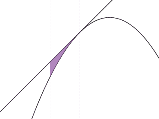 함수 $y=f(x)$의 개형과 접선을 그려보면 다음과 같다.
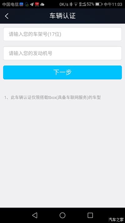 输入车架号,和发动机号 然后下一步
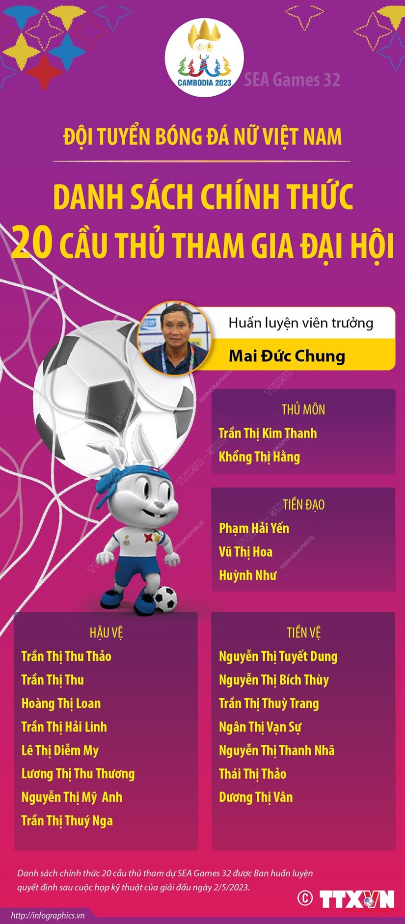 Chiều 2/5, huấn luyện viên trưởng Mai Đức Chung đã chính thức chốt danh sách 20 cầu thủ đội tuyển nữ Việt Nam tham dự SEA Games 32 tại Campuchia.
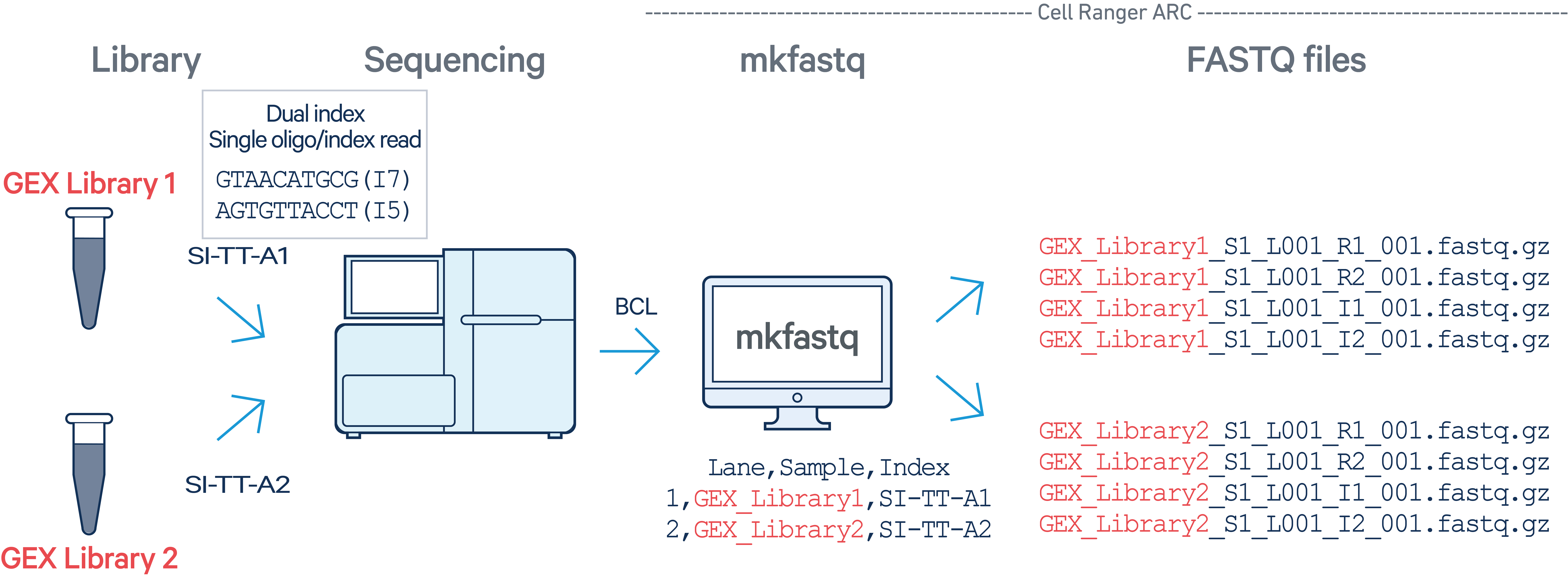 Version 1: "SI-TT-A1" refers to a 10x Genomics dual-indexed library sample index, so mkfastq auto-detects that this is a dual-index sample. In this example, only reads from lane 1 will be used. To demultiplex the given sample index across all lanes, omit the lanes column entirely.
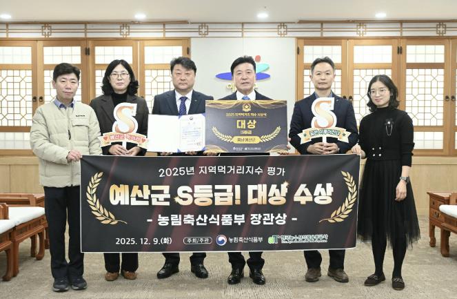 [무한뉴스=정민정 기자] 예산군은 농림축산식품부가 주최하고 한국농수산식품유통공사(aT)가 주관한 2025년 지역먹거리지수 평가에서 전년 대비 두 단계 상승한 최고 등급 S등급을 달성하고 대상을 수상하는 성과를 거뒀다고 밝혔다.
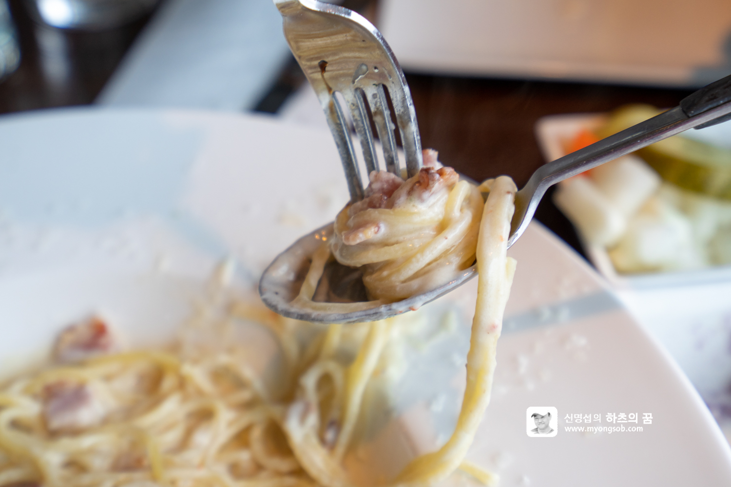 까르보나라 파스타에는 고기가 너무 많이 들어 있어서 놀랐다. 양도 꽤 많아서 둘이 함께 먹기에 충분했다.
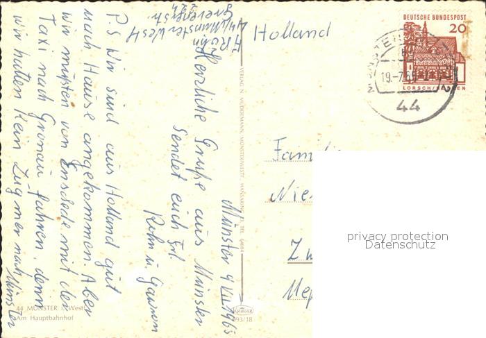 72231247 alte Postkarte Muenster Westfalen Partie am Hauptbahnhof postalisch gelaufen Erhaltung siehe scans KatCode: 11110005515000
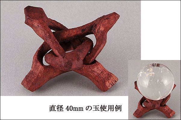 知恵の輪のように組み合わさった三本の木を組み立てる玉台です。もともとは一本の木から削りだしたもので、ばらばらにはなりません。形の面白さと木の雰囲気をそのまま残した素朴さが合わさった、とても表情豊かな玉台です。アクリルの玉台では実用一辺倒過ぎる、メタルの玉台だと輝きが強すぎる、もっとナチュラルに丸玉を楽しみたいニーズにぴったりです。3サイズあり、40mmから90mm程度の丸玉まで適応です。
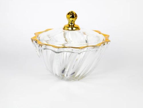 - تصميم أنيق: يتميز طبق الحلوى المصنوع من الزجاج الكريستالي بنمط دوامة متطور مع حواف ذهبية فاخرة وغطاء مزخرف يعلوه لمسة نهائية ذهبية
—————
=== Work to complete ===
Every line above needs to be written out again as it stands. Pictures do not belong in the copy.

=== Exercise response ===
 함수 $y=f(x)$의 개형과 접선을 그려보면 다음과 같다.
 输入车架号,和发动机号 然后下一步
 Chiều 2/5, huấn luyện viên trưởng Mai Đức Chung đã chính thức chốt danh sách 20 cầu thủ đội tuyển nữ Việt Nam tham dự SEA Games 32 tại Campuchia.
 Version 1: "SI-TT-A1" refers to a 10x Genomics dual-indexed library sample index, so mkfastq auto-detects that this is a dual-index sample. In this example, only reads from lane 1 will be used. To demultiplex the given sample index across all lanes, omit the lanes column entirely.
 [무한뉴스=정민정 기자] 예산군은 농림축산식품부가 주최하고 한국농수산식품유통공사(aT)가 주관한 2025년 지역먹거리지수 평가에서 전년 대비 두 단계 상승한 최고 등급 S등급을 달성하고 대상을 수상하는 성과를 거뒀다고 밝혔다.
 까르보나라 파스타에는 고기가 너무 많이 들어 있어서 놀랐다. 양도 꽤 많아서 둘이 함께 먹기에 충분했다.
 72231247 alte Postkarte Muenster Westfalen Partie am Hauptbahnhof postalisch gelaufen Erhaltung siehe scans KatCode: 11110005515000
 知恵の輪のように組み合わさった三本の木を組み立てる玉台です。もともとは一本の木から削りだしたもので、ばらばらにはなりません。形の面白さと木の雰囲気をそのまま残した素朴さが合わさった、とても表情豊かな玉台です。アクリルの玉台では実用一辺倒過ぎる、メタルの玉台だと輝きが強すぎる、もっとナチュラルに丸玉を楽しみたいニーズにぴったりです。3サイズあり、40mmから90mm程度の丸玉まで適応です。
 - تصميم أنيق: يتميز طبق الحلوى المصنوع من الزجاج الكريستالي بنمط دوامة متطور مع حواف ذهبية فاخرة وغطاء مزخرف يعلوه لمسة نهائية ذهبية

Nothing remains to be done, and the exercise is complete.